December 19, 2018

Tuberculosis (TB) is the leading cause of death in AIDS patients. Unfortunately, no one knows exactly why the disease is such a significant threat in people with immune systems compromised by the HIV virus.

But researchers at the University of Pittsburgh and the University of Wisconsin–Madison recently reported in Infection and Immunity that a new nonhuman primate model using Mauritian cynomolgus macaques may help bring scientists closer to understanding the AIDS-TB link. The immune systems of these animals are similar to humans, and they are susceptible to both SIV (the nonhuman primate version of HIV) and Mycobacterium tuberculosis (which causes TB).

The paper’s authors included Shelby O’Connor, associate professor of pathology and laboratory medicine at UW–Madison and the Wisconsin National Primate Research Center (WiNPRC), and researchers from the University of Pittsburgh and WiNPRC.

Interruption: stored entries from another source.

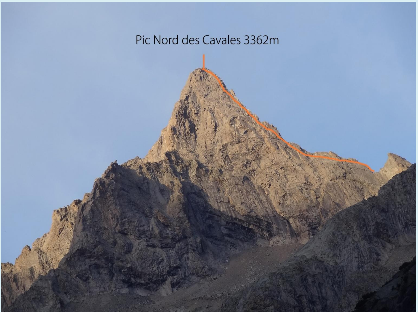
Pic Nord des Cavales 3362m

L'itinéraire de la voie normale de la Grande Ruine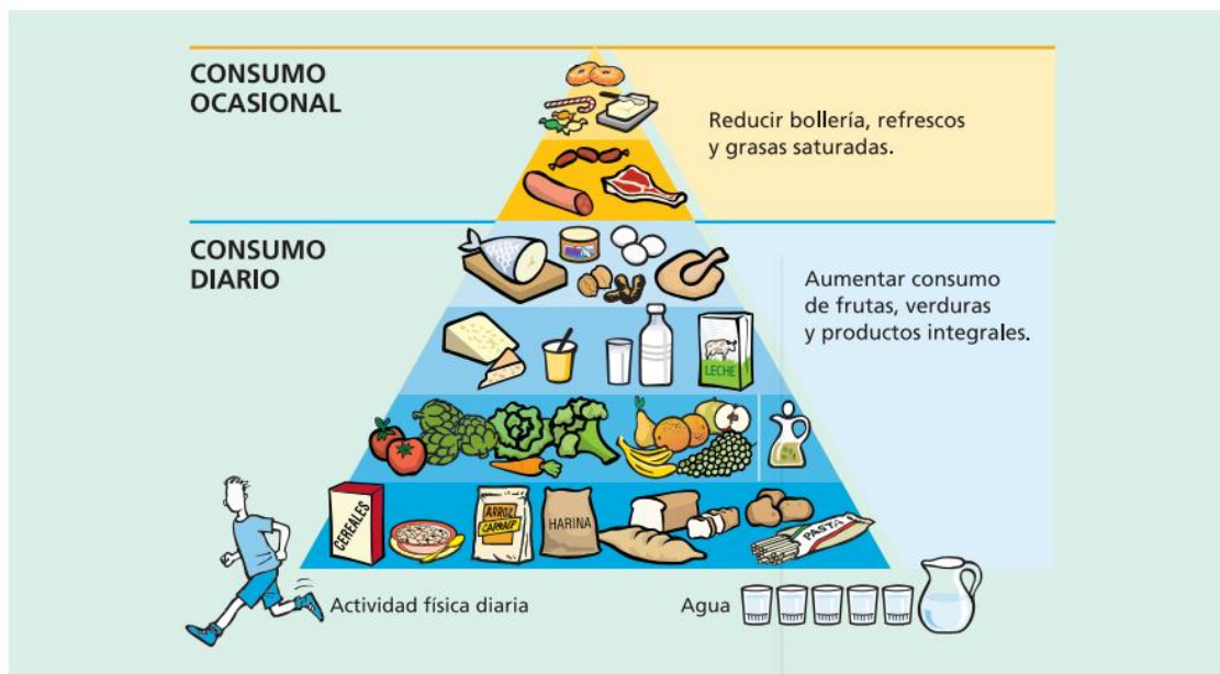
Pirámide de la alimentación saludable. SENC 2007.

¡Ojo! En condiciones normales, si no nos movemos, no necesitaríamos tantas. Intenta hacer ejercicio diario en un rincón de la casa.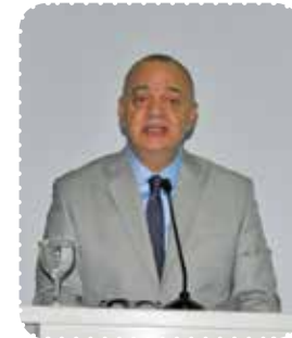
Cengiz ERGÜN Manisa Büyükşehir Belediye Başkanı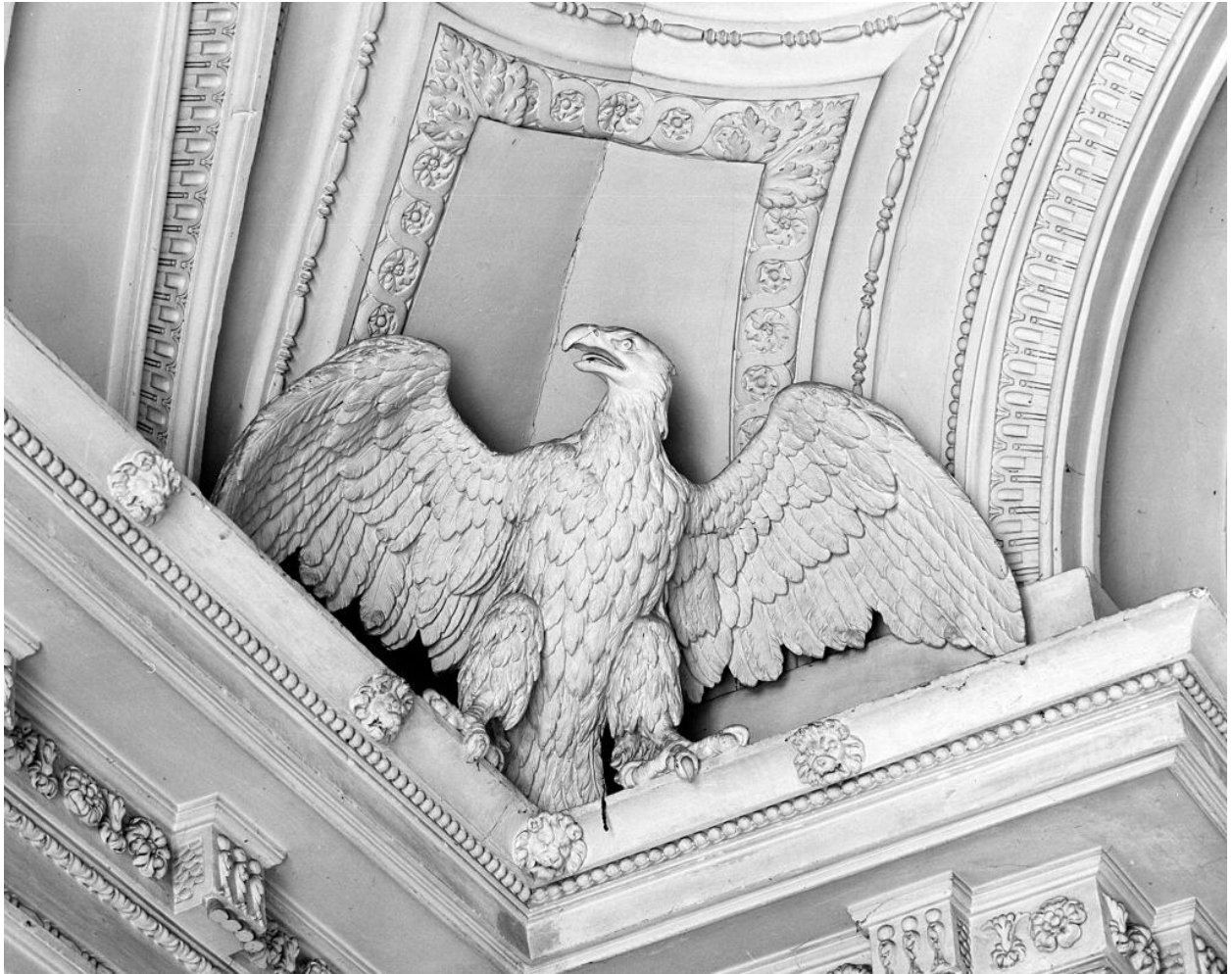
Décor du vestibule d'honneur : détail d'un aigle en ronde-bosse.

The researchers used 15 macaques in the study. Of the eight monkeys infected with only M. tuberculosis, four animals survived more than 19 weeks following infection. In stark contrast, the researchers found that that all seven animals previously infected with SIV exhibited rapidly progressive TB following co-infection with M. tuberculosis and all had to be humanely euthanized after 13 weeks.  

“Our study demonstrated that pre-existing SIV dramatically diminishes the ability to control M. tuberculosis co-infection from the start,” said Mark Rodgers, senior research specialist at the University of Pittsburgh and the study’s lead author.

Senior author Charles Scanga, research associate professor of microbiology and molecular genetics at the University of Pittsburgh, added that this finding has much larger implications for research into the AIDS-TB link.

“For the first time, we have a well-characterized nonhuman primate model that will facilitate research into vaccines or therapeutics to battle TB in people living with HIV,” he said.